For me the process of diagnosis was absolute torture. I’ve done enough reading to learn this is a common feeling and many have a longer process than I did. I feel a certain affinity to someone going through the process and those who just received the definitive diagnosis.

Get comfortable. This is my diagnosis experience. Let’s go to March, 28 2012.  I had been dealing with a back injury for two months, and still am to this day. I had already been for a basic X-ray, MRIs, neurological exam, some physical therapy, epidural steroid injections, intra-muscular steroid injections, oral steroids, and I’m surely missing something. The only thing the steroids helped was my appetite. Now I was being sent for a test called an EMG. I usually do my homework before any kind of tests but when dealing with constant severe pain, the usual tends to take a backseat. It sounded simple enough to me. I’ll go there, get back home to my heating pad and carefully placed pillows.
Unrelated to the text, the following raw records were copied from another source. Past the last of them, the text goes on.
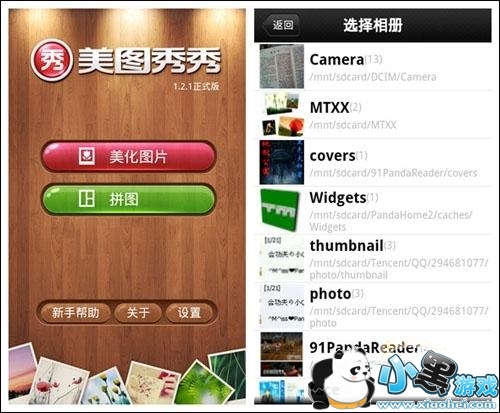 安卓美图秀秀v1.2.1的相册选取功能基于文件夹。在选取照片的时候,先看到所有有图片的目录,然后选择相应的目录再进入图片的缩略图展示。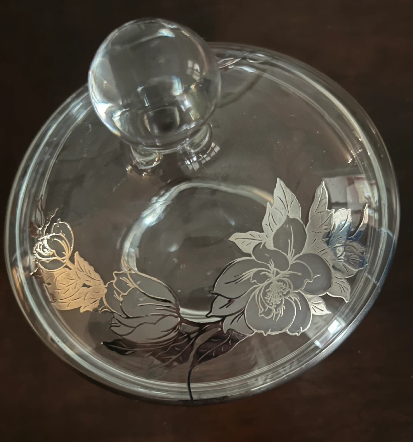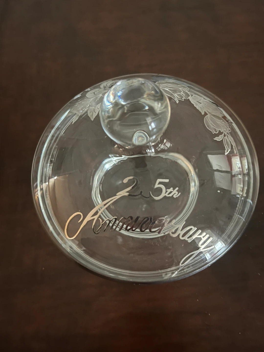 Glass candy dish and lid set. Features etched floral designs and "25th Anniversary" text. It's perfect for serving treats or as a decorative piece.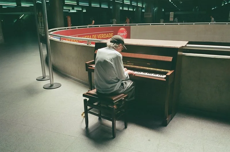 Entré en la estación Sé, la más movida de todas las estaciones, lo vi a este señor sentado en el piano público, me encanta que haya un piano público en el atrio de la estación y que la gente lo pueda tocar, escuchar. Fue un momento de silencio en el caos. Ojalá pudiera haberme quedado ahí un rato más, pero debía seguir.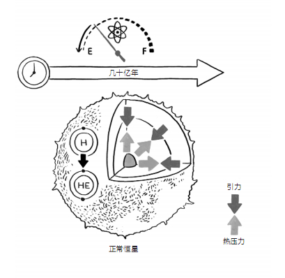 DS:美国航空航天局用高压锅来比喻恒星。恒星内部的核聚变的爆炸力产生了向外的压力,将一切都往内拉的恒星自身引力把这压力约束在恒星内部。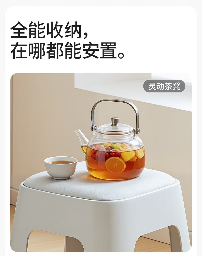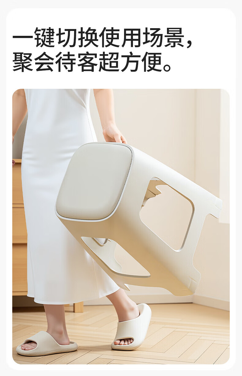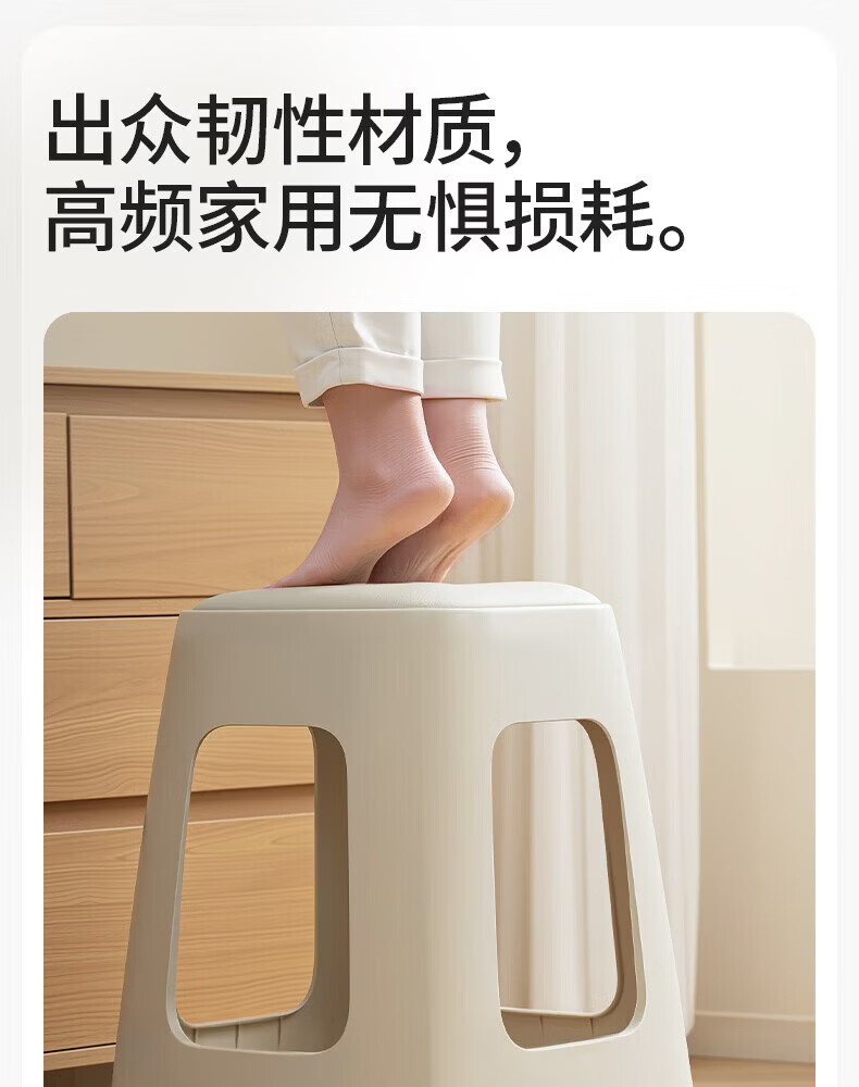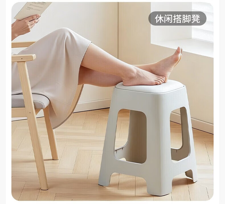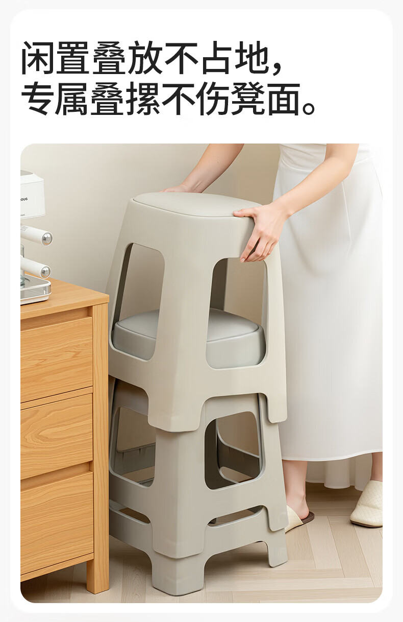禧天龙皮革凳家用轻奢软包加厚客厅防滑塑料高凳叠放简约凳子可脚踏 荔枝纹软包高凳 陶瓷釉 1个装

While I was in the waiting room searching for a comfortable position, side to side, sit to stand, I noticed a pamphlet about my test. The first thing that stood out was needles. Not my favorite thing. I read on to something like ‘minor but tolerable discomfort.’ Great! Discomfort is almost always code for pain when it comes to medical tests. I put it back thinking, let’s just do this. I was already in tear worthy pain.
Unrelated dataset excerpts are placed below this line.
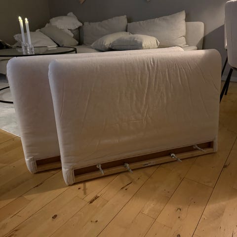 Der er nogle grønlige pletter som ikke er forsøgt fjernet, både på sidesektionen men også det lille hjørne på den mindste pude. Ses ikke når puderne er på.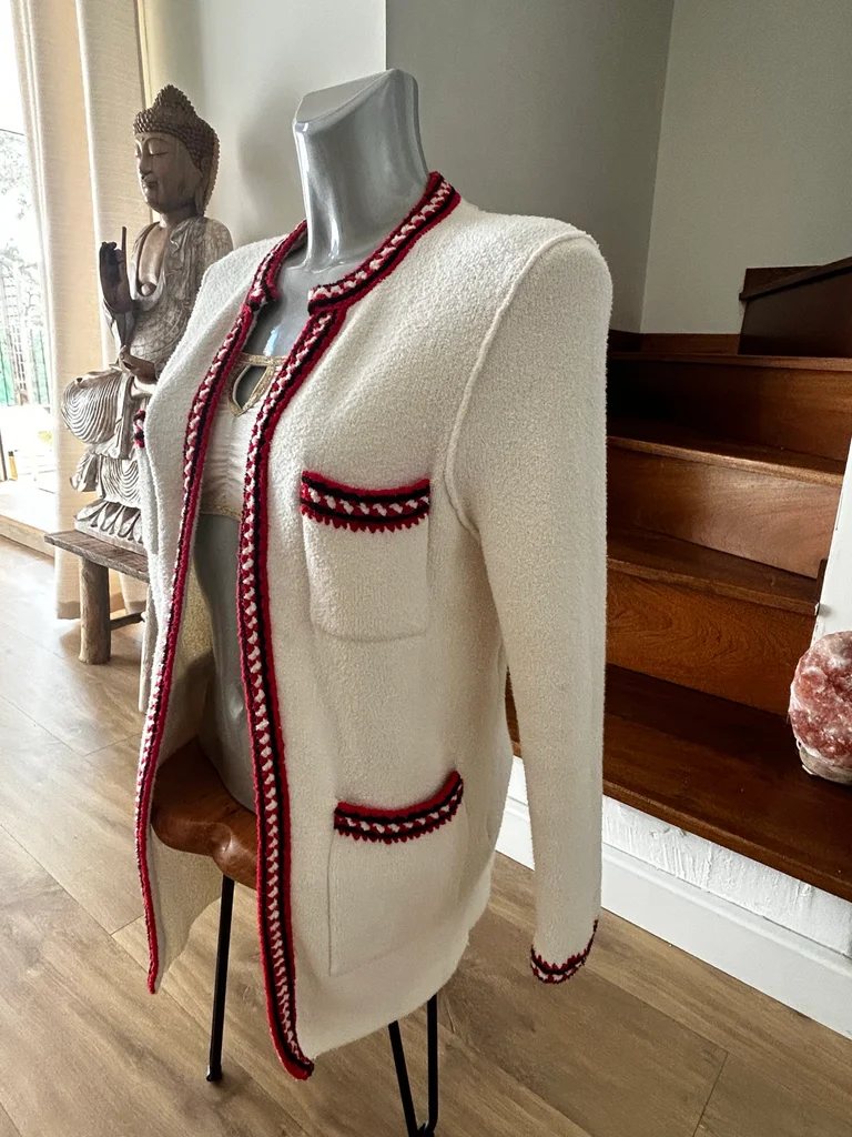 Indispensable du dressing, ce gilet long Sandro est d'une douceur et d'un confort absolus. Une coupe fluide qui s'adapte à toutes les tenues. • Coupe : Cardigan ouvert, longueur confortable (76 cm). • Matière : 61% Coton, 38% Polyamide, 1% Élasthanne. Belle qualité de maille. • État : Tres Bon état général mais 👉À noter une légère tache jaunie à l'arrière au niveau de l'épaule (voir photo). Elle est peu visible porté, surtout avec des cheveux mi-longs/longs. Le reste est impeccable. • Taille : S. 👉 Mesures à plat : • Épaules : 38 cm • Longueur : 76 cm 📦 Envoi soigné depuis la Corse 🏝️. 📹 Pour une sécurité totale, je filme l'intégralité du processus d'emballage de A à Z avant l'envoi. #sandro #giletsandro #cardigan #maille #sandroparis #moderesponsable #chic #basique #corse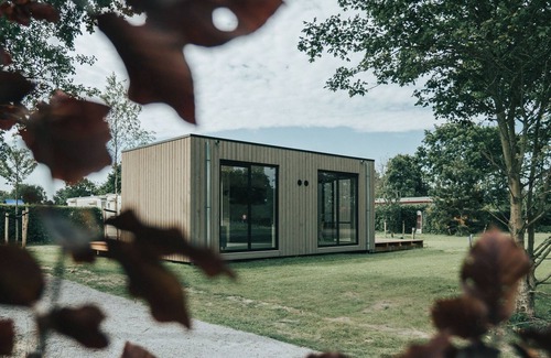 these beautiful accommodations at holiday park de klepperstee can immediately be recognised by the beautiful design of the different types The special and sustainable materials provide these cabins with a very tasteful appearance and the electricity comes directly from our own solar panels. You can choose from a number of beautiful accommodations; instead of TV and radio, they have a good, private WiFi connection. This spacious home, located near the beautiful central building, is designed and built by a local constructor, which truly makes it unique. The natural character is the result of using lots of wood. This type is fully furnished and the kitchen features a dishwasher. You have no less than two terraces at your disposal, so that you can choose between sun and shade.

It wasn’t a long wait before I was called back. My husband, Tony, went back with me. Looking back, I’m so glad he did. After the typical weigh in, blood pressure and temperature I was lead to the EMG room. Told clothes off, gown on, Doctor will be right in. Very shortly he was.

I asked about pain and got the well rehearsed “Maybe some minor discomfort” speech. So we began. He placed warm towels on my lower legs. Wow, nice so far. He explained that my skin needed to be a certain temperature to get an accurate reading from the electrodes. Oh OK, what? You’re going to electrocute me too? He promised this would be bearable. This little speech he seemed more comfortable and relaxed. Honest may be the word I’m reaching for. I felt better about this part but dreaded the needles even more now. After some placing and replacing of the little button like electrodes connected to wires, he zapped me a few times and told me everything looked great. It really wasn’t painful. All was well except for my never ending search for the least painful position. There was lighthearted conversation mainly between Doc and Tony while he was preparing. I was almost finished.

Not so fast April. When he was ready he positioned me flat on my back. I’m gripping the handrail with my left hand trying to counter my back pain. “Just stick it in” I said out of desperation. This was followed by an awkward laugh considering my position. This is when I got the first look at the needles. He had been laying them out, and positioning himself in a way that would block them from my view. I giggled inside of how this reminded me of a childhood dental visit. They didn’t look that bad really. They were a little long but as slender as my aunt’s insulin needles I’d seen growing up.

Now he tells me I will need to relax my muscle completely, then he will put the needle in and tell me to flex the muscle until he tells me to relax it. “Do you understand?” he asked. I replied that I did. I relaxed and in went the first needle, mild ouch, “OK flex” more ouch but I can handle this I thought. The needle didn’t come right out though and he started moving it around deep in the muscle. The machine was making a loud popping noise off and on. After a few of these it was past discomfort and well into the pain zone. I wanted to stay tough though. A couple more needles up the leg and I noticed a change in his demeanor. He went from being lighthearted and mild mannered to intense and distant. He was very focused on the popping machine. I looked over at my husband and he was buried in his phone. I don’t think he had noticed the change yet. We don’t talk about this day often.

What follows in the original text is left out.